Every homework has an automatic penalty-free 1.5 day extension to accommodate any health/family-related disruptions. In other words, try to finish your homework by Tuesday 10:45am to keep up with the lecture content, but if necessary, you may take until Wednesday 11:59pm.

  1. A processor running at 3 GHz consumes 85 W of dynamic power and 25 W of leakage power. It executes a CPU-bound program in 50 seconds. How much energy does the processor consume in executing this program? It briefly enters Turbo-boost mode and operates at a frequency of 4.5 GHz. How much dynamic power and leakage power does the processor consume in Turbo-boost mode? How long does the CPU-bound program take to finish in Turbo-boost mode? How much energy is consumed in executing this program in Turbo-boost mode? (20 points)
  2. Annotate the following MIPS instructions to indicate source registers and destination registers. A source register is read during the instruction's execution, while a destination register is written during the instruction's execution. (10 points)

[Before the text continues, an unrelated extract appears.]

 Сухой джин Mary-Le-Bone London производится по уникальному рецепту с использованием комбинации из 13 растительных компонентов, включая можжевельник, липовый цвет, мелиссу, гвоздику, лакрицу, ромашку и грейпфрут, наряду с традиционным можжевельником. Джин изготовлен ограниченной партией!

    1. sub $t1, $t4, $zero
    2. addi $s1, $s1, 100
    3. lw $t1, 4($gp)
    4. sw $s1, 8($gp)
    5. bne $s1, $t2, loop1
  3. Consider a program that declares global integer variables x, y, z, w[10]. Assume that an integer occupies 4 bytes. These variables are allocated starting at a base address of decimal 4000. All these variables have been initialized to decimal 25. The base address 4000 has been placed in $gp. The program executes the following assembly instructions:
    lw $s1, 0($gp)
    lw $s2, 4($gp)
    add $s1, $s2, $s1
    sub $s2, $s1, $s2
    add $s2, $s1, $s2
    sw $s1, 8($gp)
    sw $s2, 12($gp)
    subi $s2, $s2, 55
    sw $s2, 16($gp)
    1. What are the memory addresses of variables x, y, z, w[0], and w[1]? (10 points)

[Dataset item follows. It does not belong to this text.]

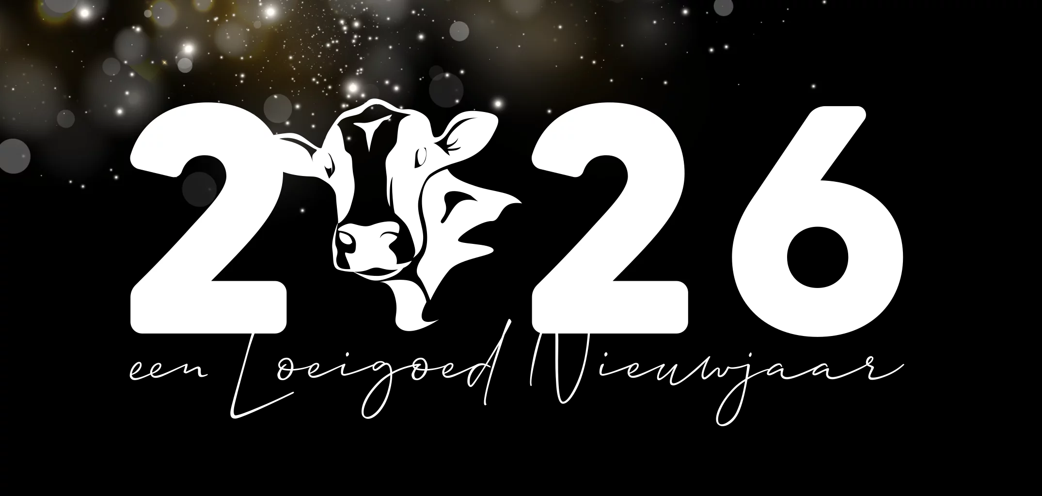 Zakelijke kerstkaart voor een agrarisch bedrijf, zoals een melkveebedrijf of boerderij winkel. Op deze kerstkaart een zwarte achtergrond met het jaartal 2026 met het hoofd van een koe en de toepasselijke tekst 'een Loeigoed Nieuwjaar'. De goudfolie geeft een luxe uitstraling aan deze kerstkaart.

    2. What are the values of variables x, y, z, w[0], and w[1] at the end of the program? Explain this by adding comments to the code to show the effect of each instruction. (15 points)

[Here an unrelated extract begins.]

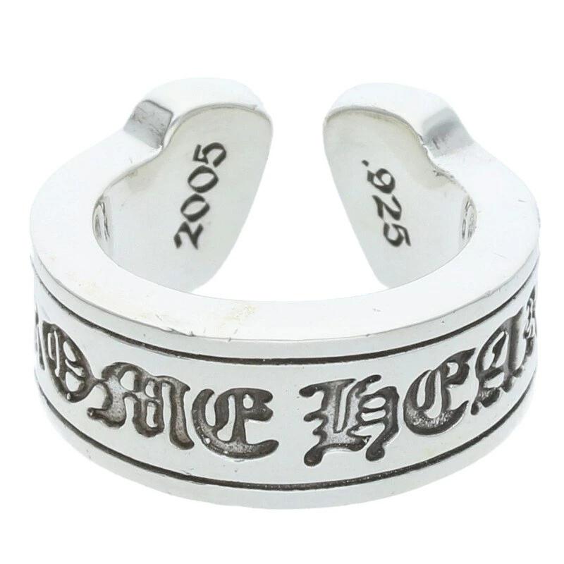 Chrome Hearts LG SCROLL LABEL Silver Ring (Silver, 14.17g), Size 9.5, Size 033052, SJ02, Pre-owned, bb17#rinkan*B

  4. Express the following decimal number in binary and hexadecimal forms: 214. Show your steps. (5 points)
  5. Express the following binary number in decimal and hexadecimal forms: 11101011. Show your steps. (5 points)
  6. Express the following hexadecimal number in decimal and binary forms: 0xd3. Show your steps. (5 points)
  7. Write the MIPS assembly code that corresponds to the pseudo code below. Assume that the address for integer i is baseaddress+4 and the address for a[0] is baseaddress+8. Assume that the baseaddress is stored in $gp. The code initializes i to 0; it then iterates from i=0 to i=19, setting a[i] = 8*i in each iteration. To make your code efficient, i must be loaded into a register at the start, and it must be updated in memory only after you've finished the for loop. You may not use a multiply instruction.
    for (i=0; i<20; i++)
    a[i] = 8*i;
    (30 points)